- _INFORMATION GIVEN_:
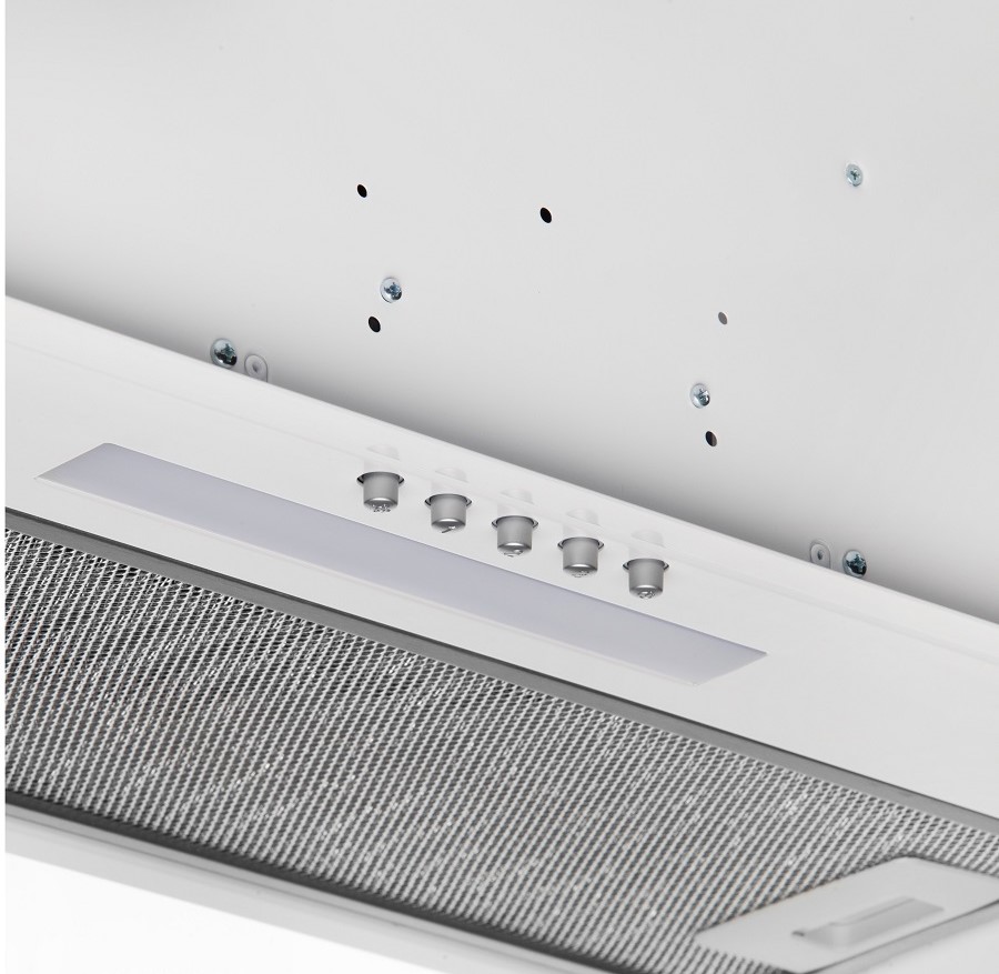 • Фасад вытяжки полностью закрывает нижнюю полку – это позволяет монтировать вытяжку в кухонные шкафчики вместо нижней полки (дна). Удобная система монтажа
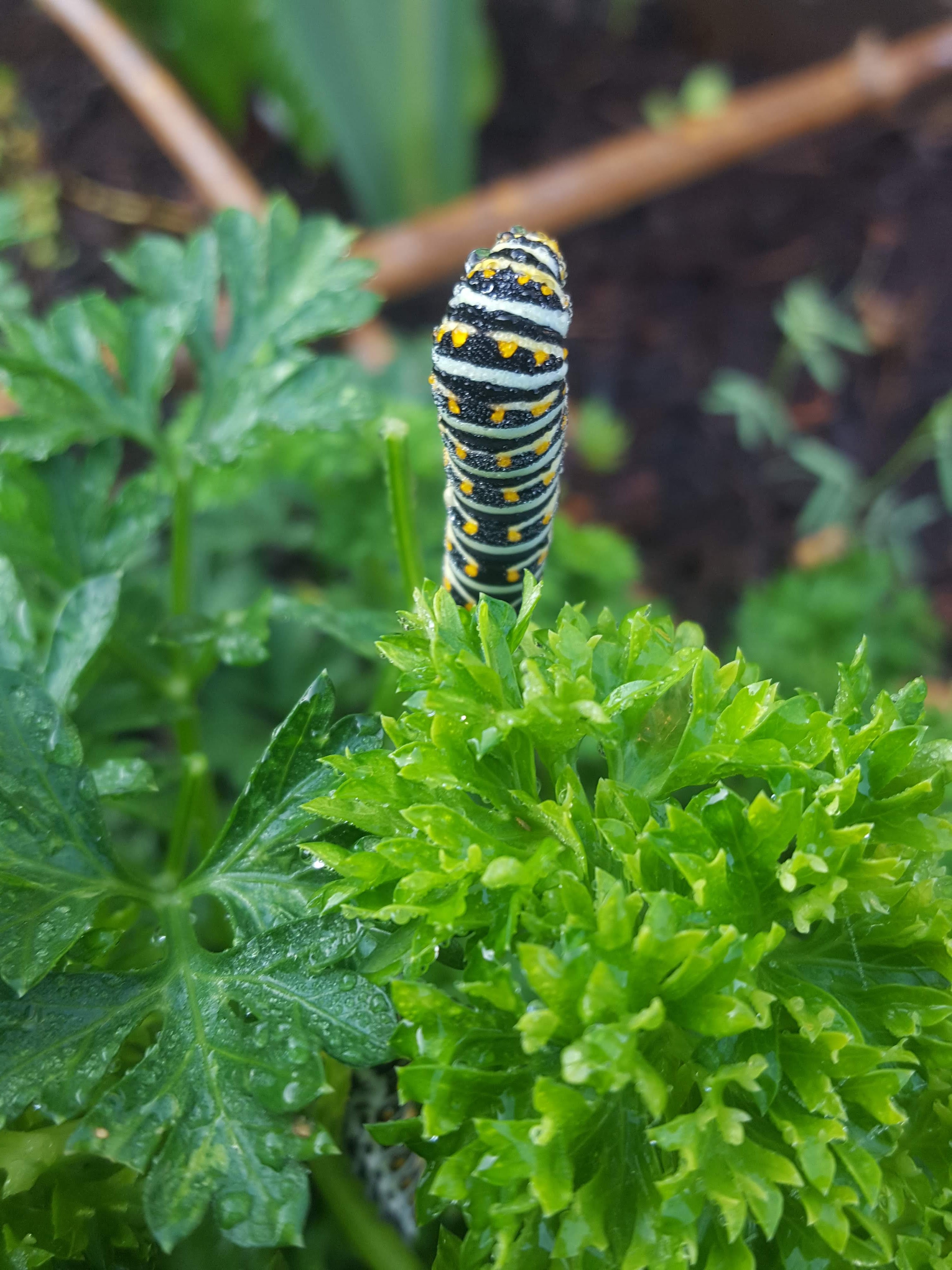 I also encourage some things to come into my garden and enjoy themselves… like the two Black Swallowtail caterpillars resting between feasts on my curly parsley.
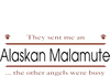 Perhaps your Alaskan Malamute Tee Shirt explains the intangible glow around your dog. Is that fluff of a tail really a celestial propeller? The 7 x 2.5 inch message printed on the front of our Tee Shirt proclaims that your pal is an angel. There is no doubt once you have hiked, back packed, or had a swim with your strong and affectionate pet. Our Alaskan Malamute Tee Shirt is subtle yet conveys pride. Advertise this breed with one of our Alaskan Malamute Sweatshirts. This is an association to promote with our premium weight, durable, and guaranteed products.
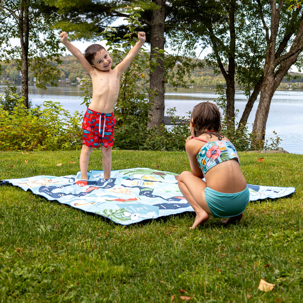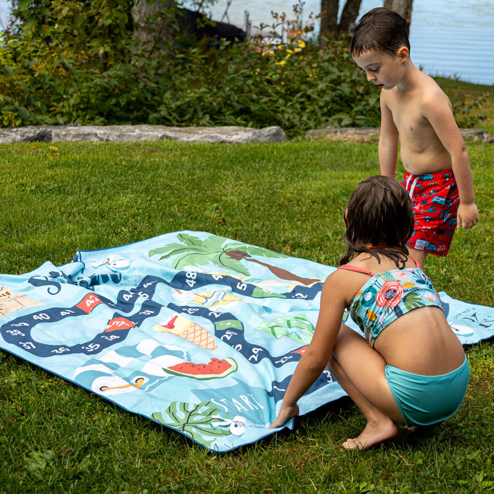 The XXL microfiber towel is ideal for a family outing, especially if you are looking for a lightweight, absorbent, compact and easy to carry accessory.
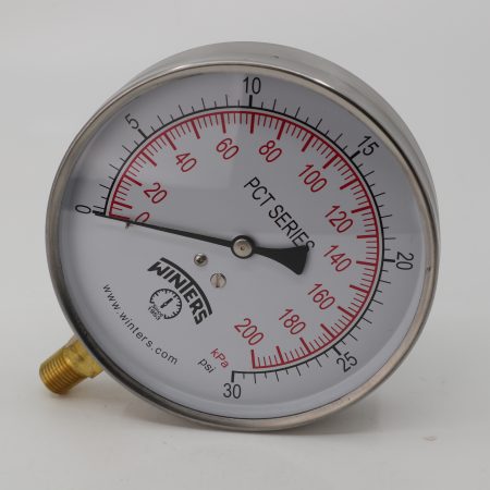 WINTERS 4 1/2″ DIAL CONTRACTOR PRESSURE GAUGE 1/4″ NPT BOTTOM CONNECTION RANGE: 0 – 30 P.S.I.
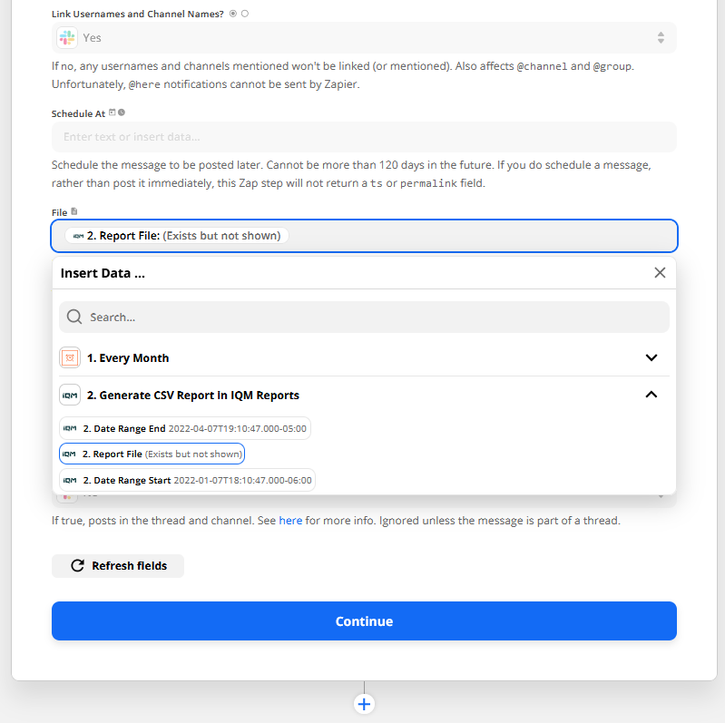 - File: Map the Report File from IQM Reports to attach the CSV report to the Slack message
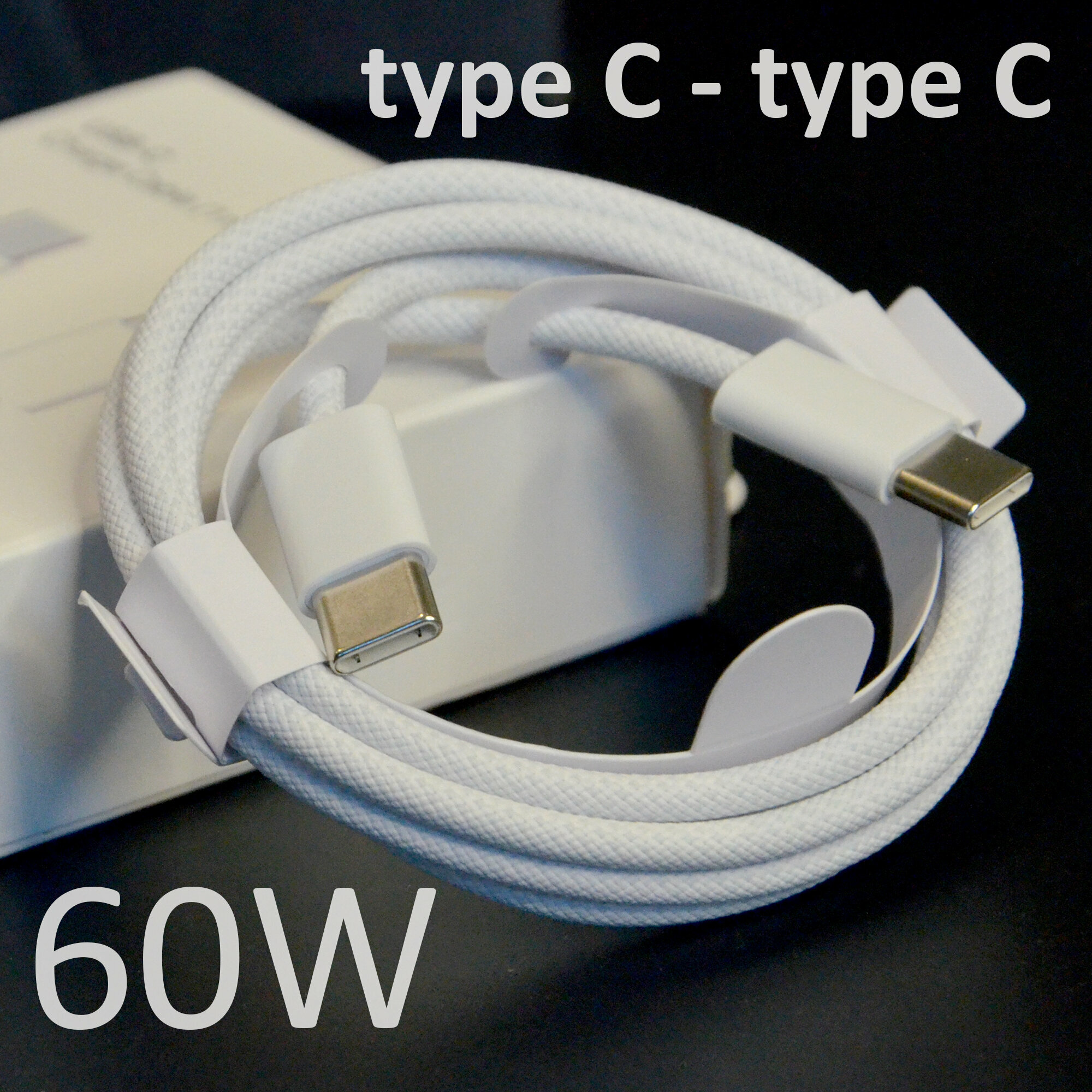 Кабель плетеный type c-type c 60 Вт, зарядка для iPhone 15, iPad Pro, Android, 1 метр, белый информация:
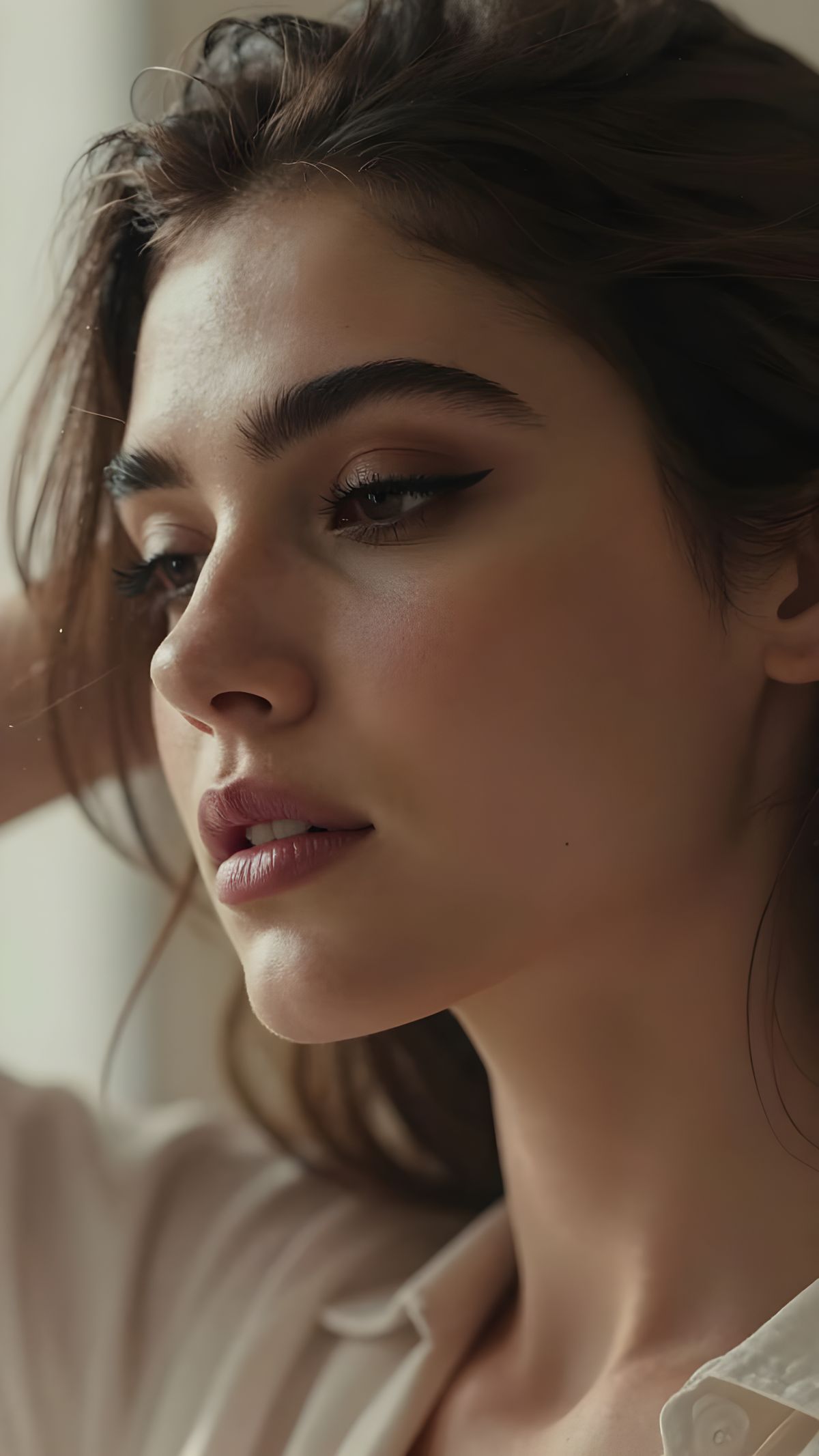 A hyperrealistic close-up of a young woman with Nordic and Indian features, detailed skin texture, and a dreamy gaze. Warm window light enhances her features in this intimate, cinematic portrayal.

- _TASK REQUIREMENTS_: Give again, word for word, the lines above from the first one through the one containing "I also encourage"; no pictures.

- _PROBLEM SOLUTION_:
 • Фасад вытяжки полностью закрывает нижнюю полку – это позволяет монтировать вытяжку в кухонные шкафчики вместо нижней полки (дна). Удобная система монтажа
 I also encourage some things to come into my garden and enjoy themselves… like the two Black Swallowtail caterpillars resting between feasts on my curly parsley.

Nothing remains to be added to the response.